Die Wissenschaftler spekulierten, dass es möglich sein könnte, das Fortschreiten der Krankheit zu blockieren, indem man den Kindern Taurin verabreicht. Sie holten die Familie nach Genf, um diese seltene Erbkrankheit genau zu untersuchen. Neben der fortschreitenden Sehbehinderung, die bei dem Jungen nun leider total war, diagnostizierten die Ärzte bei beiden Kindern eine Schädigung des Herzmuskels. Das kleine Mädchen hatte glücklicherweise noch etwas Sehvermögen.
Da Taurin eher ein Nahrungsergänzungsmittel als ein Medikament ist, hat die Schweizerische Ethikkommission zugestimmt, dass es oral verabreicht werden darf. „Wir haben den Kindern täglich 100 mg Taurin pro kg gegeben, um dies langfristig fortzusetzen, und in Pakistan regelmäßige augenärztliche und kardiale Überwachungssitzungen organisiert“, betont Emmanuelle Ranza, Ärztin und Genetikerin an den Universitätsspitälern Genf (HUG) und UNIGE, die für den klinischen Teil der Studie verantwortlich war. Die Ergebnisse stellten sich schnell ein: Innerhalb von drei Tagen stieg der Taurinspiegel in ihrem Blut sprunghaft von 6 auf 85 Μ mol/l und erreichte normale Schwellenwerte. Und nach zwei Jahren war die Kardiomyopathie bei beiden Kindern vollständig verschwunden! Außerdem wurde die Degeneration in der Sicht des Mädchens gestoppt, und es trat sogar eine Verbesserung ein, sodass sie sich selbstständig bewegen konnte. Leider war diese Entwicklung dem Jungen, der bereits seine gesamte Netzhaut verloren hatte, nicht möglich.

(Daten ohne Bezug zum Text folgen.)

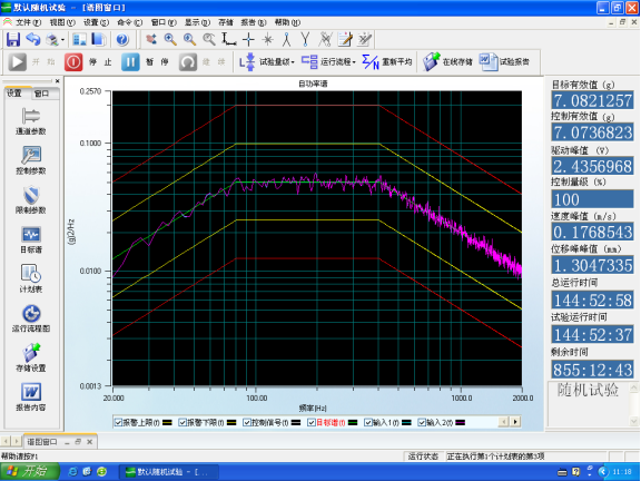 隨機(jī)控制采用傳遞函數(shù)均衡方法,根據(jù)用戶自定義的功率譜圖(通過(guò)目標(biāo)譜編輯器指定),實(shí)現(xiàn)連續(xù)輸出高斯隨機(jī)信號(hào)。該系統(tǒng)能夠快速執(zhí)行實(shí)時(shí)、精確的多通道閉環(huán)控制,內(nèi)置自適應(yīng)控制算法能夠迅速響應(yīng)系統(tǒng)的非線性、共振頻率以及載荷變化。
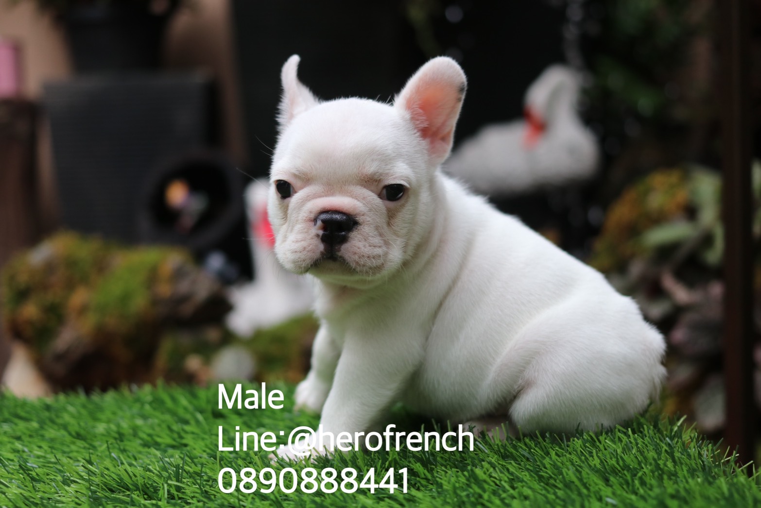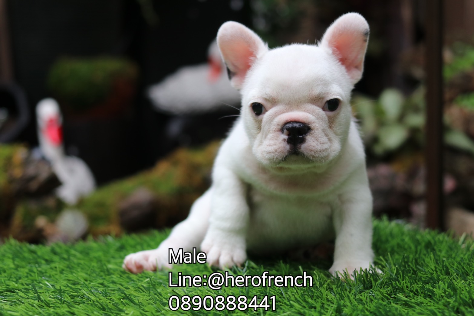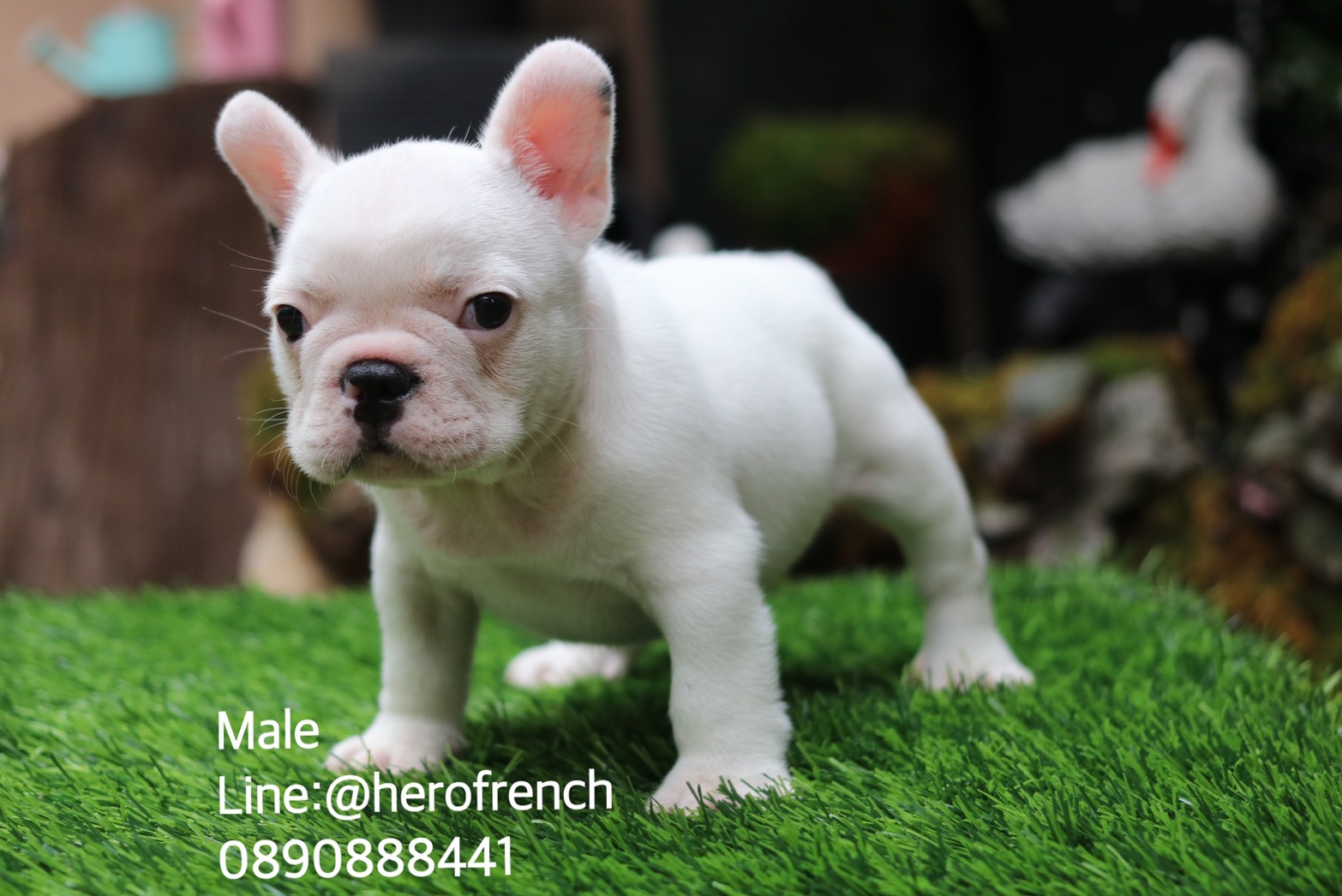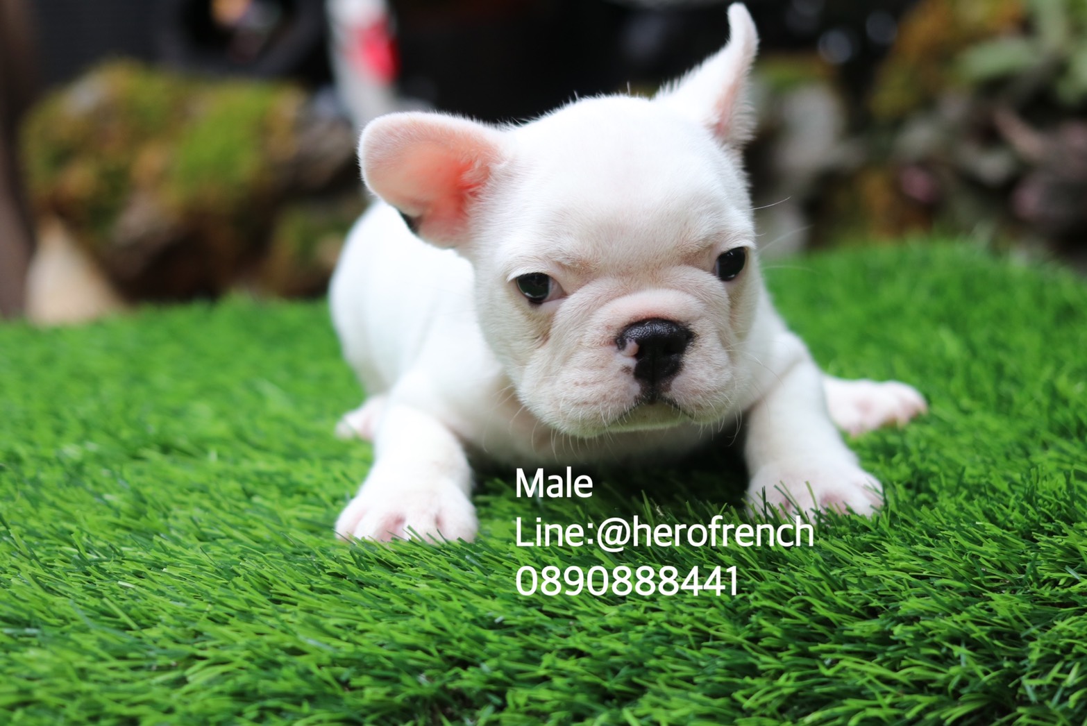 เฟรนช์บลูด็อก เพศผู้ สีขาวน่ารัก สุขภาพแข็งแรง การันตีสุขภาพ 30 วัน สอบถาม line: @herofrench

Ein einzelner Patient kann das Medikament wechseln
"Diese Ergebnisse sind außergewöhnlich, denn es ist das erste Mal, dass ein oral verabreichtes Nahrungsergänzungsmittel erfolgreich zur Behandlung der Netzhaut und des Herzens eingesetzt wurde", betont Antonarakis. „Dieses kleine Mädchen hat den Weg für eine potenzielle Heilung von Neugeborenen geebnet, die an derselben rezessiven Krankheit leiden. Ein Patient kann die Geschichte der Medizin verändern!“Tatsächlich schätzen Forscher, dass es weltweit möglicherweise 6.000 Babys gibt, die an derselben SLC6A6-bedingten Krankheit leiden könnten, und etwa 300 in Europa und Nordamerika. „Unser Ziel ist es nun, Neugeborene, die von der Erkrankung betroffen sind, frühzeitig zu erkennen, damit sie von Geburt an mit einem Taurinpräparat behandelt und möglicherweise das Auftreten von Symptomen verhindert werden können“, fügt Antonarakis hinzu. Die Genetiker wollen auch weiterhin neue Gene identifizieren, die rezessive Krankheiten verursachen, zumal sie jetzt den Beweis haben, dass einige von ihnen wirksam behandelt werden können.